Obesity is a major risk factor for type 2 diabetes, and it is well established that weight loss has a beneficial impact on metabolic parameters including blood glucose, blood pressure and triglyceride levels. However, it remains unclear what impact these metabolic improvements have on the risk of future major cardiovascular events. We also lack high-quality evidence about the future cardiovascular risk of normal-weight or low-weight individuals living with type 2 diabetes. Moreover, previous evidence actually suggests that “weight cycling” or weight variability is independently associated with increased risks of myocardial infarction, stroke and all-cause mortality in people living with type 2 diabetes (Nam et al, 2020).
Over the last 7 years, seminal cardiovascular outcome studies for type 2 diabetes therapies, specifically the SGLT2 inhibitor and GLP-1 receptor agonist classes of medications, have demonstrated significant improvements in the risk of major adverse cardiovascular events. These classes are now recommended for their cardiovascular benefits independent of their glucose-lowering effects in multiple international guidelines and consensus reports, such as the ADA/EASD consensus report (Buse et al, 2020).

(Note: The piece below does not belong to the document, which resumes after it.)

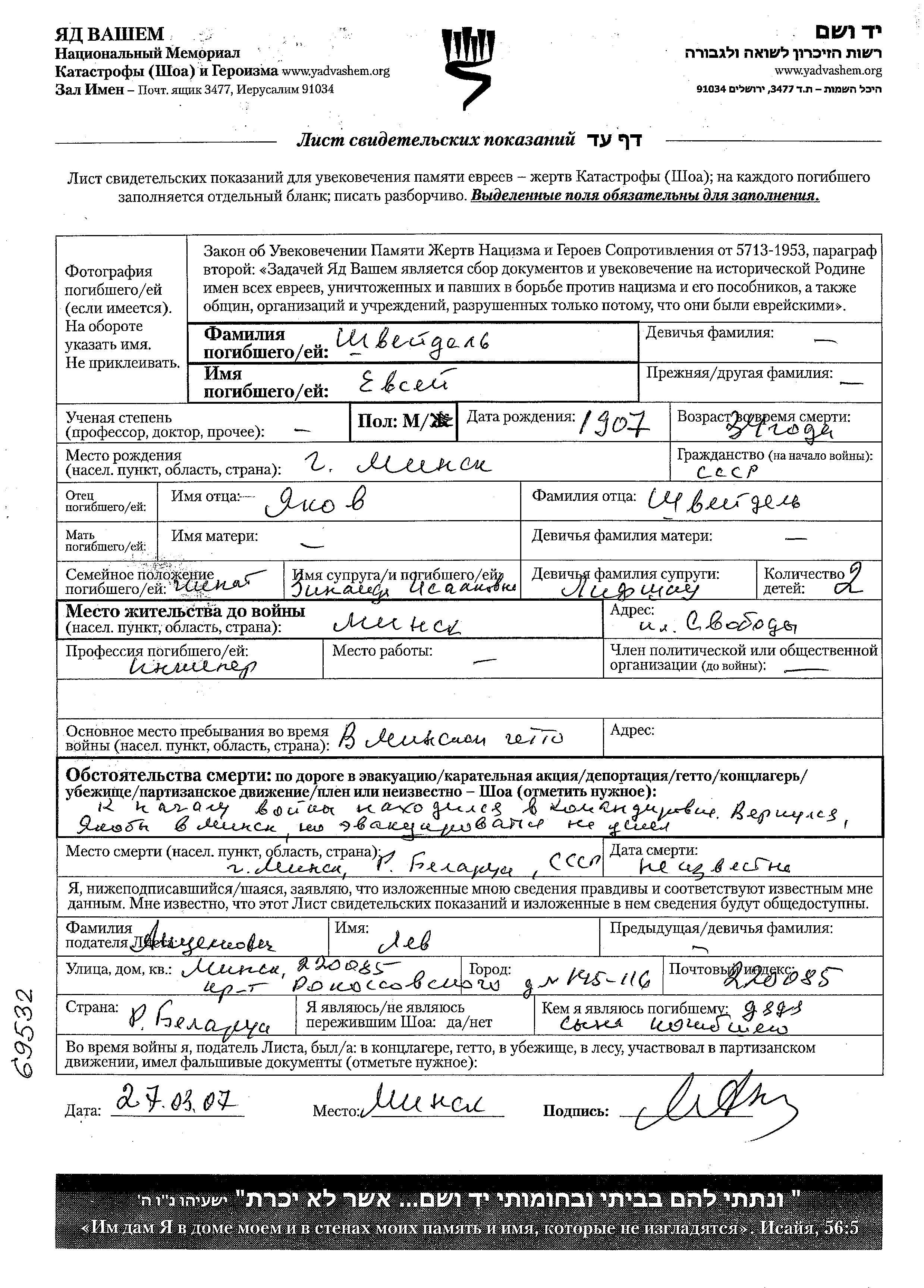 Shveydel Yevsey 1907 Minsk, Bélorussie (URSS) Feuille de témoignage

Separately, there is growing international interest and consensus regarding the definition of diabetes remission. Whilst the specifics of diabetes remission differ between current definitions, all recently published consensus reports, including the joint report from the ADA, EASD and Diabetes UK (Riddle et al, 2021; reviewed previously in Diabetes Distilled), agree that diabetes remission can only be established if it is off all usual glucose-lowering medications. And indeed, from my own clinical experience, a major driver for my patients living with type 2 diabetes who are striving for diabetes remission is the cessation of all diabetes medications.
This presents a quandary to us as healthcare professionals with our patients who do lose significant weight and normalise their HbA1c levels: how do we reconcile the benefits of significant weight reduction (from both a physical and mental health perspective) and the positive diagnosis of diabetes remission versus the organ protection benefits of type 2 diabetes therapies such as SGLT2 inhibitors and GLP-1 receptor agonists?
In the present large, well-conducted, population-based cohort study from Korea, Park and colleagues explored the relationship between body weight variability and major cardiovascular outcomes (including myocardial infarction, ischaemic stroke, atrial fibrillation, heart failure and all-cause mortality) in 1,522,241 people living with type 2 diabetes but without a history of cardiovascular disease. The study was undertaken during 2009 and 2012; that is, before SGLT2 inhibitors and GLP-1 receptor agonists were in widespread use. Individuals were categorised into five groups according to body weight change between health checks every 2 years: ≥10% loss, 10–5% loss, 5% loss to ≤5% gain, 5–10% gain and ≥10% gain).
Around one quarter of participants experienced weight loss or weight gain of >5% at 2 years of follow-up. The weight-gain groups tended to be younger individuals with higher BMIs and lower use of oral hypoglycaemic medications. Unsurprisingly, the weight-loss groups demonstrated better metabolic profile changes, including blood pressure and lipid profiles.
Overall, after a median follow-up of 7 years, a U-shaped association was observed between weight change and major cardiovascular events and all-cause mortality; that is, both weight loss and gain of >5% within a 2-year interval were associated with an increased risk of major cardiovascular events and all-cause mortality in people with type 2 diabetes.
This U-shaped association was consistent in all exploratory subgroups, including age, gender, baseline BMI, duration of type 2 diabetes and type 2 diabetes medication.
These findings suggest to me that there remains significant residual cardiovascular risk in those living with type 2 diabetes who lose significant weight, and it may be premature to stop their cardioprotective medications: not just SGLT2 inhibitors and GLP-1 receptor agonists, but also statins. However, the authors do discuss the cardioprotective effects and substantial weight loss benefits of SGLT2 inhibitors and GLP-1 receptor agonists, and they specifically advise against extrapolating these study results to individuals taking these classes of medications.
Managing obesity is about more than just reducing weight; obesity is a complex multisystem condition. We await hard clinical endpoints to guide treatment decisions surrounding cardioprotective medications.